## Given records
——

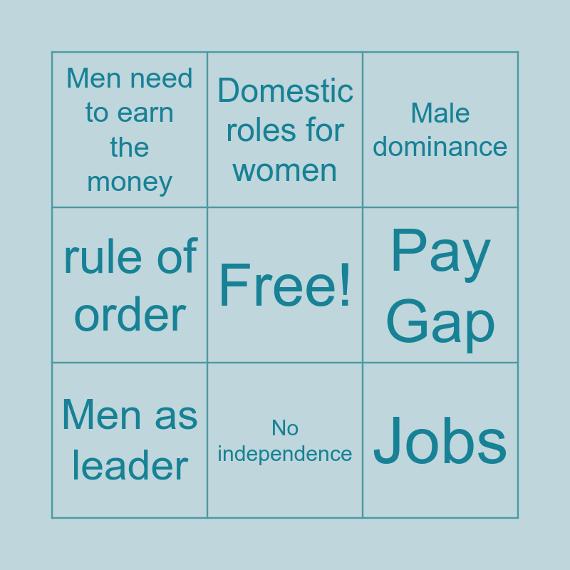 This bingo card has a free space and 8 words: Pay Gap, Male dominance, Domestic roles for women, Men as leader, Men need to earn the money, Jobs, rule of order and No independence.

——

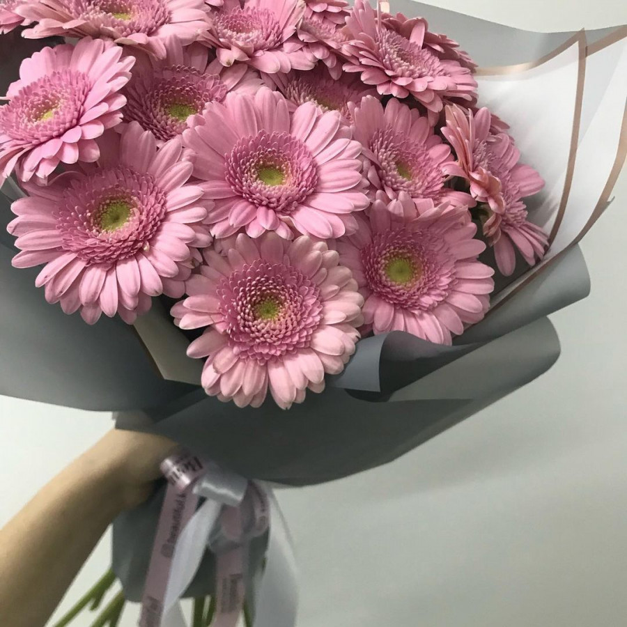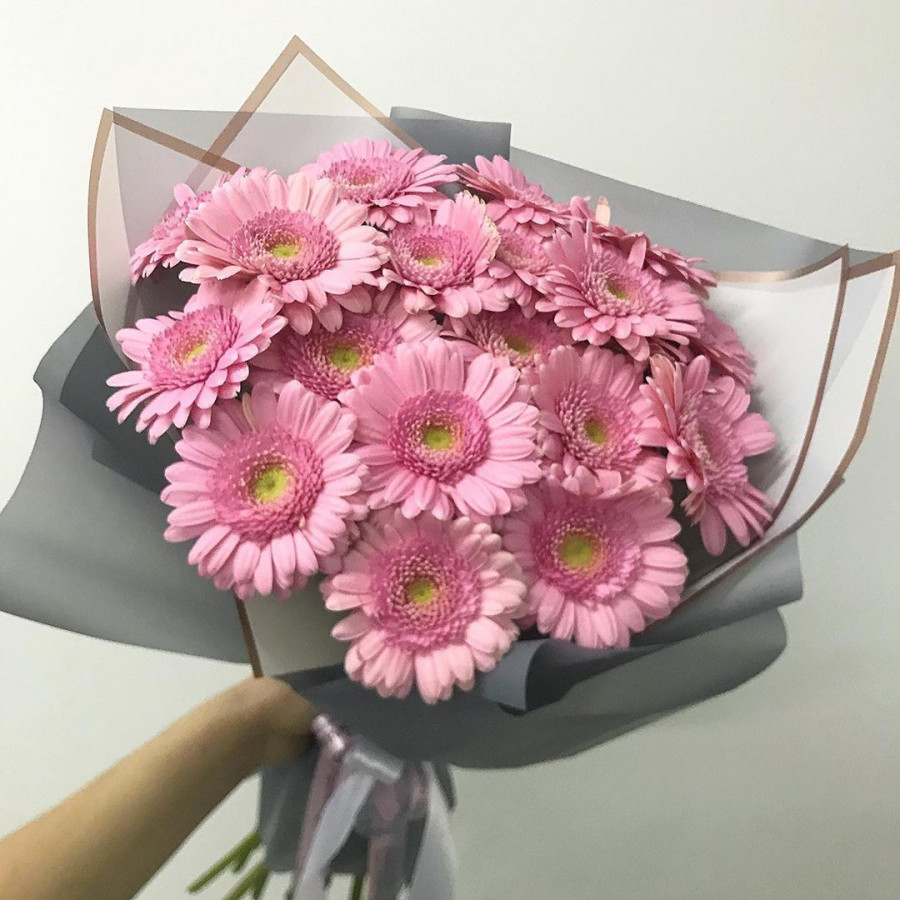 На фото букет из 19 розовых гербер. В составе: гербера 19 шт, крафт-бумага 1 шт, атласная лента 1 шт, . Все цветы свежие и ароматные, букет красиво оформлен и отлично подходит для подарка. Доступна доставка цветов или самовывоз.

——

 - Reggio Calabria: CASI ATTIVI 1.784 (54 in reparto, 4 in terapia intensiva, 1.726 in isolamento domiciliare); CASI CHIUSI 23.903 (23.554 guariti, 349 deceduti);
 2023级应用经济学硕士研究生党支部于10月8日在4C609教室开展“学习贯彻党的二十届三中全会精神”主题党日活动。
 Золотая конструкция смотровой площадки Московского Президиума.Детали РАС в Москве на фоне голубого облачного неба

——

## Problem to work on
All that is wanted is the stretch of lines above from the one containing "- Reggio Calabria: CASI" through the one containing "2023级应用经济学硕士研究", duplicated exactly.

## Written answer
 - Reggio Calabria: CASI ATTIVI 1.784 (54 in reparto, 4 in terapia intensiva, 1.726 in isolamento domiciliare); CASI CHIUSI 23.903 (23.554 guariti, 349 deceduti);
 2023级应用经济学硕士研究生党支部于10月8日在4C609教室开展“学习贯彻党的二十届三中全会精神”主题党日活动。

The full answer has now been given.